Students who are not reading at grade-level fluency standards and are instead reading word-by-word with low accuracy may need support with decoding and foundational literacy skills. These students will benefit from systematic, explicit instruction in phonics and word-level reading accuracy and automaticity. Explicit instruction should include words that students can decode and high-frequency words that students need to recognize by sight. In addition, teachers should provide guided oral reading opportunities and repeated readings of text at students’ independent level while working towards instructional level texts with teacher feedback. Rather than silent independent reading, students may benefit from audio-assisted reading of instructional level or grade-level texts.

High Accuracy, Low Fluency

Students who exhibit high accuracy on word reading but lower fluency scores will benefit from opportunities for ample fluency practice. Educators can provide guided oral reading instruction coupled with students repeatedly reading the same texts. Multiple reads allow students to focus their attention away from word-level reading to grasp the larger meaning of the text. Educators can also focus on students’ phrasing, pausing at punctuation, and reading with expression.

High Accuracy, High Fluency

Students with high accuracy on word reading and high fluency scores will benefit from instruction that helps develop students’ prosody when reading. Additionally, educators can focus on grade-level comprehension instruction and encourage students to read independently from a wide range of genres.

The gold star denotes the instructional focus for the different types of readers.

Low Accuracy,
Low Fluency

High Accuracy,
Low Fluency

High Accuracy,
High Fluency

Phonics Instruction

Targeted explicit systematic phonics instruction

Grade-level phonics instruction

Grade-level phonics instruction (if applicable)

Fluency Instruction

Explicit fluency instruction

  • Guided oral reading
  • Repeated reading of decodable or controlled text
  • Audio-assisted text

Fluency practice

  • Guided oral reading
  • Repeated reading of decodable or controlled text
  • Audio-assisted text

Focus on prosody

  • Develop prosody (reading with proper phrasing, expression, and intonation)
  • Independent silent reading

Comprehension Instruction

Explicit instruction on comprehension using text at the instructional level or challenging texts with teacher support

Grade-level comprehension instruction with teacher support

Grade-level comprehension instruction

What’s Next?

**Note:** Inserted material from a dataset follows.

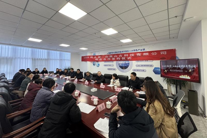 近日,今年会与山西山古科技有限公司战略合作签约暨揭牌仪式在晋创谷(大同)举行。校党委常委、副校长史水鸿,九三学社山西省委专职副主委陈忠辉,大同市政协副主席、九三学社大同市委主委张海波,山西山古科技有限公司董事长薛海出席。今年会机电工程学院、九三学社大同市委、大同市科技局、山古科技有关负责同志参加。
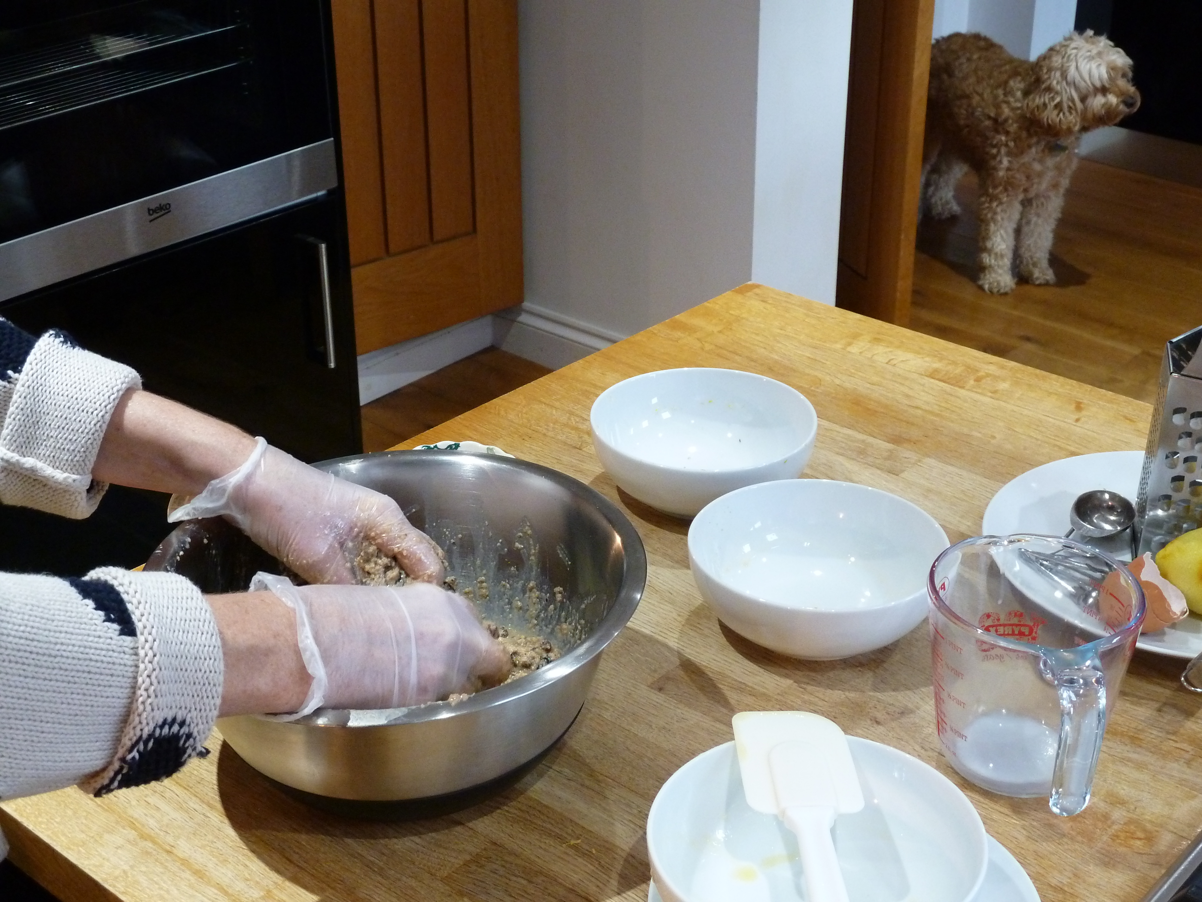 - crumble the bread into a large mixing bowl ( as you can see I has an audience today, my Alfie came in to see what all the fuss was about)

Technological Advances in ORF Assessments

Technological advances in educational software are making the administration of oral reading fluency assessments more efficient. What traditionally took multiple class periods and scheduled one-on-one administrations can now happen through AI-driven software that listens to students’ passage reading and computes a WCPM score for the whole class. This allows teachers to test the fluency score of their whole classroom quickly, thus freeing up more time to focus on planning instruction.

Additionally, as online learning becomes more sophisticated, digital ORF assessments can be automatically connected to core, supplemental, and intervention programs. Educators get not only essential data on students’ fluency development and reading progress but also guidance on instruction needed in fluency and foundational literacy skills. Oral reading assessments may be short, but they are becoming increasingly impactful tools that can enhance literacy instruction to transform reluctant students into empowered and successful learners.